Но это было невозможно. Несколько раз она просила меня объяснить ей мою работу, но, несмотря на ее живой ум, никогда не могла что-либо понять. Я всегда чувствовал себя неловко, видя, как ее глаза, обычно такие живые, становились далекими и непонимающими. Она с огорчением говорила:
— Прости меня, дорогой, но я все-таки не понимаю.
Я мог только объяснить ей, что мои идеи многое обещают, что настроен я оптимистически и, возможно, мне удастся сделать серьезное открытие, и она изо всех сил старалась продемонстрировать свой энтузиазм по поводу того, что ей было совершенно недоступно. Но даже при этих обстоятельствах мне бывало приятно рассказывать ей свои новости, и меня согревала ее горячая готовность откликнуться.

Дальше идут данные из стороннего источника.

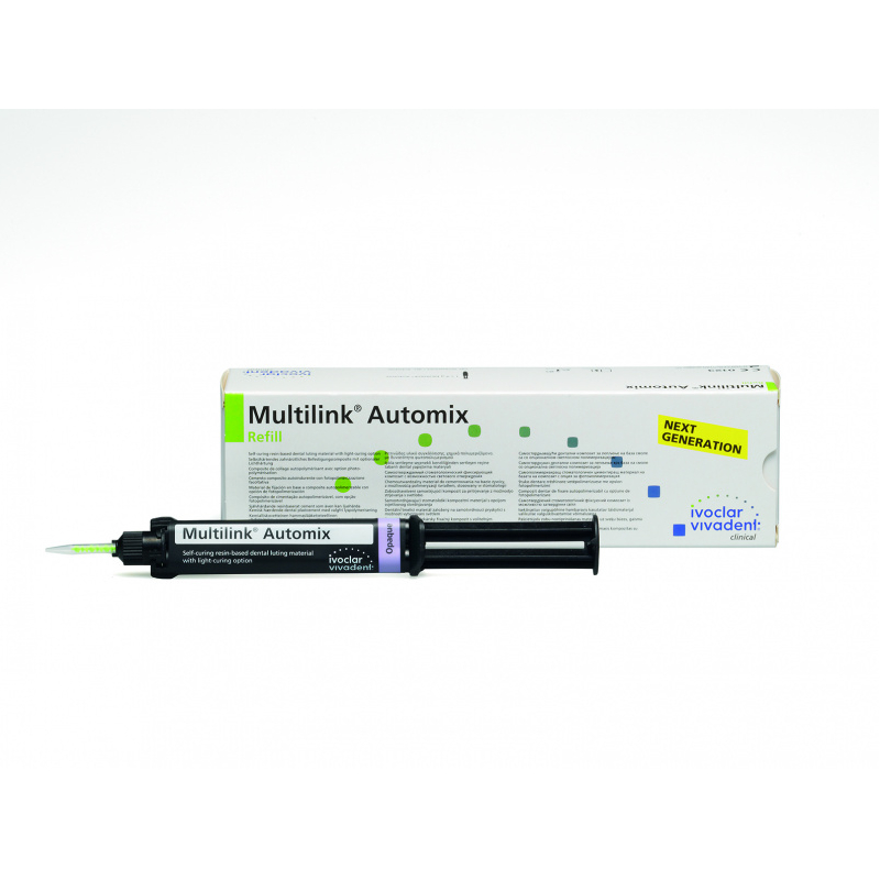 Multilink Automix от производителя Ivoclar Vivadent — это самотвердеющий композитный цемент с опциональной возможность фотополимеризации для адгезивной фиксации непрямых реставраций, изготовленный из металла, металлокерамики, цельной керамики и композита.

Мои конкретные практические притязания она схватывала очень легко и поддерживала меня. У меня зародилась одна мысль, которая крепла по мере того, как я обретал уверенность в себе. Я хотел иметь большую лабораторию, которая разрабатывала бы мои идеи и работала под моим руководством.
— Ты понимаешь, — объяснял я, — через несколько лет в нашем распоряжении будет достаточное количество физических методов, чтобы начать наступление на проблемы органики. Даже на проблемы биологии. И они должны решаться комплексно. Десять человек, работающих совместно, принесут гораздо больше пользы, чем сто человек, работающих порознь. Они за несколько лет проделают огромный путь в химии и биологии. И я собираюсь заставить их сделать это.
— Ты будешь сидеть за письменным столом и по телефону давать команду? — улыбалась она. — Тебя будут называть профессором, и ты будешь зарабатывать кое-какие деньги.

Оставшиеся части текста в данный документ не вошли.